MINT JULEP FOR THE KENTUCKY DERBY - 2010


The Kentucky Derby, of course, is the first Saturday in May. That's today!

The Derby broadcast is on NBC beginning at 4:00 PM.

It's a wet track. The favorites seem to be (as of now) Lookin At Lucky, Super Saver, Sidney's Candy and Ice Box (all with odds around 8-1 or 10-1), but how often does the favorite there actually win?

Here's the official site:

www.kentuckyderby.com

I've been watching the KD on TV every year for a long time. And I learned how to make a killer mint julep. I'd love to visit Churchill Downs for the race some day. But, in fact, I've never, ever been to a live horse race, not even at Belmont, which is not too far away from me. I must do that one of these days.

I've always tried to have a mint julep (MJ) on KD day. That's how I discovered Ruth Reichl (for a while the NYT food critic). In the early 90's she was a food critic in LA. On a business trip I knew I would be somewhere south of LA on derby day. I needed my MJ. I noticed an article she had written in the LA Times Magazine about new fine restaurants in California, and I found one that was near where I'd be. When I went there on KD day, they didn't know how to make a mint julep, but they were nice enough to try to follow my instructions, and when the first one didn't quite work, tried again and came up with something memorable, together with a really good meal. I've followed R Reichl ever since.

Here's how you make a wicked MJ. (Note: Don't drive or ride a horse or operate heavy machinery after this; don't ingest with anything that will exceed your tolerance for total number of chemicals in the body!) Boil a little bit of water and then put it in a cup with some washed and dried, torn up, fresh, nice looking mint leaves, to create a strong mint tea.
(Note: Mint leaves are not always that easy to get, and when you get a bunch, many leaves are often wilted, or blackened.

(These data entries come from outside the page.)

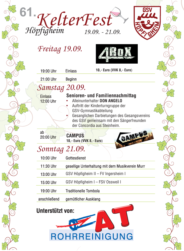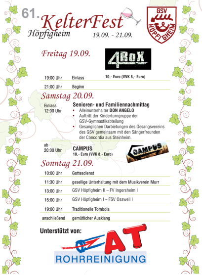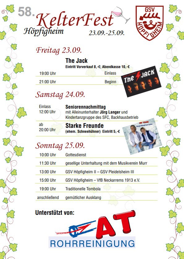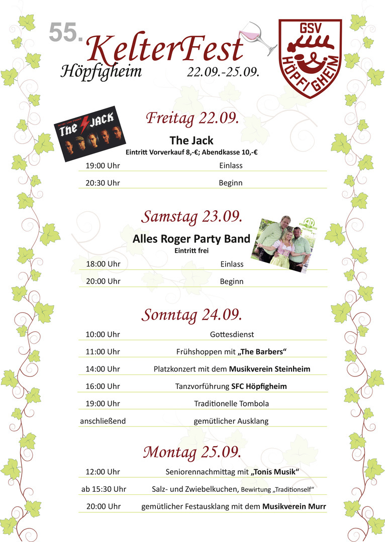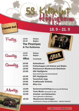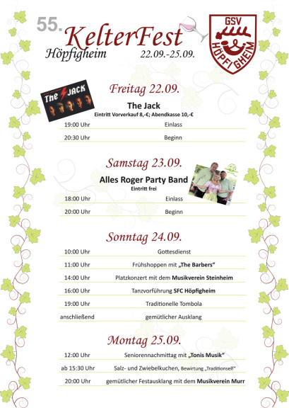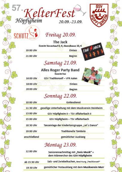 In diesem Jahr wird in Höpfigheim zum 55. Mal das traditionelle Kelterfest gefeiert. Entgegen der Tradition dies am 3. September Wochenende zu tun, findet das Fest dieses Jahr eine Woche später statt. Das Programm ist wieder bunt gemischt und für jede Altersgruppe ist mit Sicherheit etwas dabei:
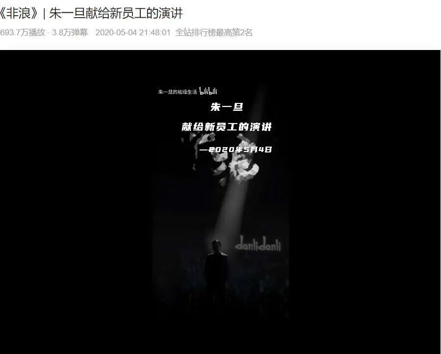 第二次破圈,则发生在B站发布自家的宣传视频《后浪》之后。当时看到这部B站的宣传片,张策立马就受到了启发,参照着《后浪》的主题和拍摄模式,制作了《非浪》。《非浪》的主题,虽然依旧是朱一旦惯用的“将员工送往非洲”,但结合当时《后浪》的热度,《非浪》与《后浪》在宣传主题以及最终的宣传效果上,都形成了鲜明的反差。年轻人不认可《后浪》所代表的生活样貌以及价值观,反倒对《非浪》自带的讽刺效果深深着迷,这让朱一旦再次收获了极高的人气。
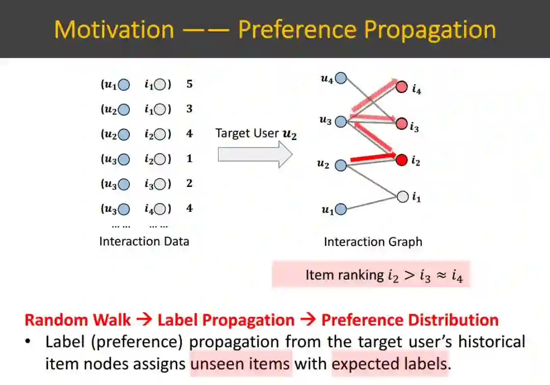 推荐系统方法构造预测模型来估计用户-项交互的可能性。以前的模型大多遵循一种普遍的监督学习模式--将每个交互看作一个单独的数据实例,并根据“信息孤岛”进行预测。然而,这些方法忽略了数据实例之间的关系,这可能导致性能不佳,特别是在数据稀疏的情况下。此外,建立在单独数据实例上的模型很难展示推荐背后的原因,这使得推荐过程难以理解。
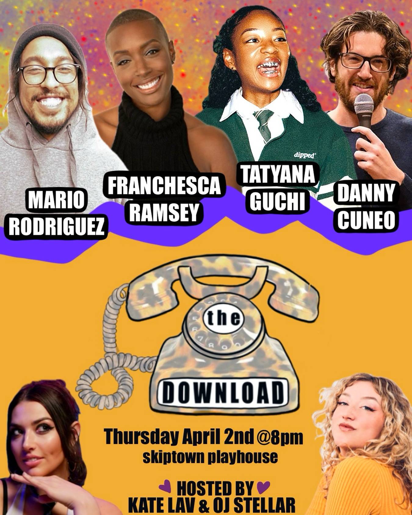 Our latest lineup is here! We're bringing you yet another unforgettable night of comedy at The Download this Thursday (April 2nd @ 8 PM), featuring a fresh lineup of some of the funniest comics around! THIS WEEK'S LINEUP:- Mario Rodriguez- Franchesca Ramsey- Tatyana Guchi- Danny Cuneo Seats fill up fast — grab your tickets now and don't miss out on the best weekly comedy show in town! Buy tickets Unsubscribe · Preferences
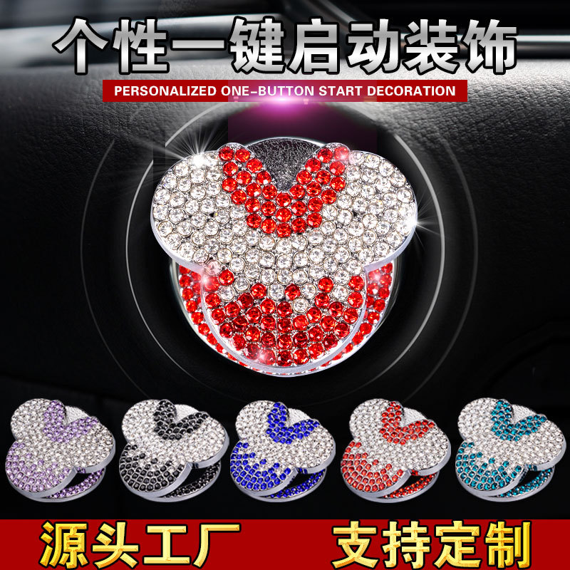 Mickey penutup pelindung mulai satu klik, stiker pelindung mobil cincin dekoratif sakelar pengapian tombol kristal berlian buatan
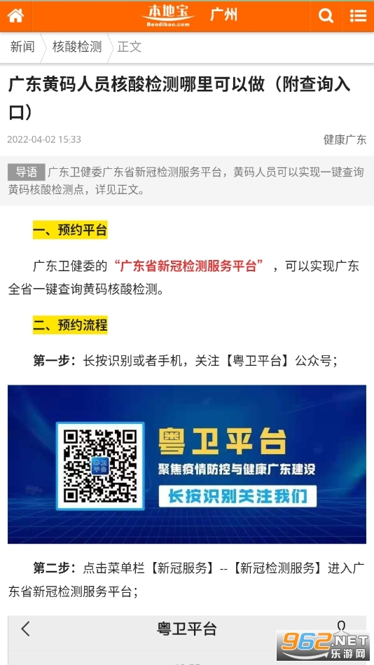 查看当地黄码人员核酸检测要求

It's important to select the best leaves even if that is only a fraction of the bunch of mint in the package.)

Add quite a bit of sugar. (Optionally -- ideally, in fact -- some sugar could be replaced with a half jigger of a sweet liqueur like Cointreau, Drambuie, or Grand Marnier.) Add about a half jigger of a good Kentucky Bourbon. (After trying quite I few, I found that my favorite is definitely Maker's Mark.) Add this mixture with some additional torn up, fresh, nice looking mint leaves to ice in a crusher.

Crush the mixture of sweetened mint tea, and bourbon to make a tall glass worth of flavored crushed ice. Take a tall, chilled glass, add a long straw, fill the glass with the crushed ice, and then pour in a jigger more bourbon to fill up the cracks. Turn on the pre-race show, and enjoy it!

It's matter of taste what you eat with the drink, if anything. My own preference is Greek or similar appetizers. In the New York area, Molyvos probably has the best selection of appetizers I know of. Near Carnegie Hall, they do provide food to go if that's how you want to enjoy the Derby.

I enjoy the race, by the way, but to make the race better (since it only lasts two minutes, after all), enhancing it with slow motion replays and particular horses isolated in the picture (the more the better) is a way of greatly extending the experience. I hope the TV broadcast does a lot of that.